(Entries supplied begins)
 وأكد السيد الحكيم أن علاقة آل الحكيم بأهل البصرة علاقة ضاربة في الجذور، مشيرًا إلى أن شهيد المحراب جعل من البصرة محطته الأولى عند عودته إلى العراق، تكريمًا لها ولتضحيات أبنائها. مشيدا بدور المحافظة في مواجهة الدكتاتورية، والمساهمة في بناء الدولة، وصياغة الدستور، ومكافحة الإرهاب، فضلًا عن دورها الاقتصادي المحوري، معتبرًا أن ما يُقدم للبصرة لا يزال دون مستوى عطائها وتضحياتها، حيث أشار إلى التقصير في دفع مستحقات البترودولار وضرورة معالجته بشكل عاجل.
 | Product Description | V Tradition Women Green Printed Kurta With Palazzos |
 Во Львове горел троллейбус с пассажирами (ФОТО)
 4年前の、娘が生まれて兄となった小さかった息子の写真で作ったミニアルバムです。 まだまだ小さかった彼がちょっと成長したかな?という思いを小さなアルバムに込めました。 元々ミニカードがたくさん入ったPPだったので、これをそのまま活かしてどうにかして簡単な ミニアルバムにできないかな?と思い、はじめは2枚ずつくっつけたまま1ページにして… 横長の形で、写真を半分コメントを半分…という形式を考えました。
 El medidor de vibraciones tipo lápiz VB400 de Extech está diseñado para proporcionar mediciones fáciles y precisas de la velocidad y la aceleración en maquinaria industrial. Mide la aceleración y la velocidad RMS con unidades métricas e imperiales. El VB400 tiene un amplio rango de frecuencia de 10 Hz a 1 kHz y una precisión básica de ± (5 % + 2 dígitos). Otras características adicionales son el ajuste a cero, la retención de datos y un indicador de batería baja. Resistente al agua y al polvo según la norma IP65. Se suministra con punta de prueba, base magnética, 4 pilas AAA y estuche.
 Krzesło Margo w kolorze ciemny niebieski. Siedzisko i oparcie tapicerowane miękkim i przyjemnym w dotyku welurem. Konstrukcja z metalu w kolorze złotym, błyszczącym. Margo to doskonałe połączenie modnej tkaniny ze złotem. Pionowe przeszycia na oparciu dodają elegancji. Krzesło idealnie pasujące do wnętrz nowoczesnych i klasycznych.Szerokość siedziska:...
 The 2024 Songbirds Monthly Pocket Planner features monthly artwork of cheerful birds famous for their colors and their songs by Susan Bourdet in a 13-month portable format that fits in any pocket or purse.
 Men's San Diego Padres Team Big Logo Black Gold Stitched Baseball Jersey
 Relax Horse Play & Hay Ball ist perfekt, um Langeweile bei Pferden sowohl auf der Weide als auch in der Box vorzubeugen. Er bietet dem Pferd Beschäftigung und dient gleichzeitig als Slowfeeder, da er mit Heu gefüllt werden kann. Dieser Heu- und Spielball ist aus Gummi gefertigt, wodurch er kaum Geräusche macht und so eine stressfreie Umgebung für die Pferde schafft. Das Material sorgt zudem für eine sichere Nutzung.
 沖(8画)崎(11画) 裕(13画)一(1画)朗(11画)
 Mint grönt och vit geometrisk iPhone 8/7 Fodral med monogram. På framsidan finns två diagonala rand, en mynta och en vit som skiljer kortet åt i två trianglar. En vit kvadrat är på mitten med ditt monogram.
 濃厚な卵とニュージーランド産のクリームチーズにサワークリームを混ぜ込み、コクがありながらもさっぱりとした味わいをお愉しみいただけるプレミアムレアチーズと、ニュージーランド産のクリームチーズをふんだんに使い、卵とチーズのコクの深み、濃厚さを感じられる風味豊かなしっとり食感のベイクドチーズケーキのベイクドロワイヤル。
(Entries supplied ends)
(Entries supplied begins)
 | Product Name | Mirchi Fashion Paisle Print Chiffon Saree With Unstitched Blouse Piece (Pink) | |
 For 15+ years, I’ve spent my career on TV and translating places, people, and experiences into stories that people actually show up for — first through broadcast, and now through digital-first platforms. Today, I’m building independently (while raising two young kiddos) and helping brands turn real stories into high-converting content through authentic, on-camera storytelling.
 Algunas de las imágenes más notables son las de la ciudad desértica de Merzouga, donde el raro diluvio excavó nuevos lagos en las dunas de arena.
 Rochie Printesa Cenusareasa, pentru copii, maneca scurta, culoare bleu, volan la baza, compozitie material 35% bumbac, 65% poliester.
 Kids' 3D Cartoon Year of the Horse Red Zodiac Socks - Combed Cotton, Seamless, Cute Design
(Entries supplied ends)
• **Assignment**
Retype word for word everything in the listing above from the line that holds "Relax Horse Play" down to the line that holds "濃厚な卵とニュージーランド産". Keep both end lines and leave out the rest.

• **Answer for this exercise**
 Relax Horse Play & Hay Ball ist perfekt, um Langeweile bei Pferden sowohl auf der Weide als auch in der Box vorzubeugen. Er bietet dem Pferd Beschäftigung und dient gleichzeitig als Slowfeeder, da er mit Heu gefüllt werden kann. Dieser Heu- und Spielball ist aus Gummi gefertigt, wodurch er kaum Geräusche macht und so eine stressfreie Umgebung für die Pferde schafft. Das Material sorgt zudem für eine sichere Nutzung.
 沖(8画)崎(11画) 裕(13画)一(1画)朗(11画)
 Mint grönt och vit geometrisk iPhone 8/7 Fodral med monogram. På framsidan finns två diagonala rand, en mynta och en vit som skiljer kortet åt i två trianglar. En vit kvadrat är på mitten med ditt monogram.
 濃厚な卵とニュージーランド産のクリームチーズにサワークリームを混ぜ込み、コクがありながらもさっぱりとした味わいをお愉しみいただけるプレミアムレアチーズと、ニュージーランド産のクリームチーズをふんだんに使い、卵とチーズのコクの深み、濃厚さを感じられる風味豊かなしっとり食感のベイクドチーズケーキのベイクドロワイヤル。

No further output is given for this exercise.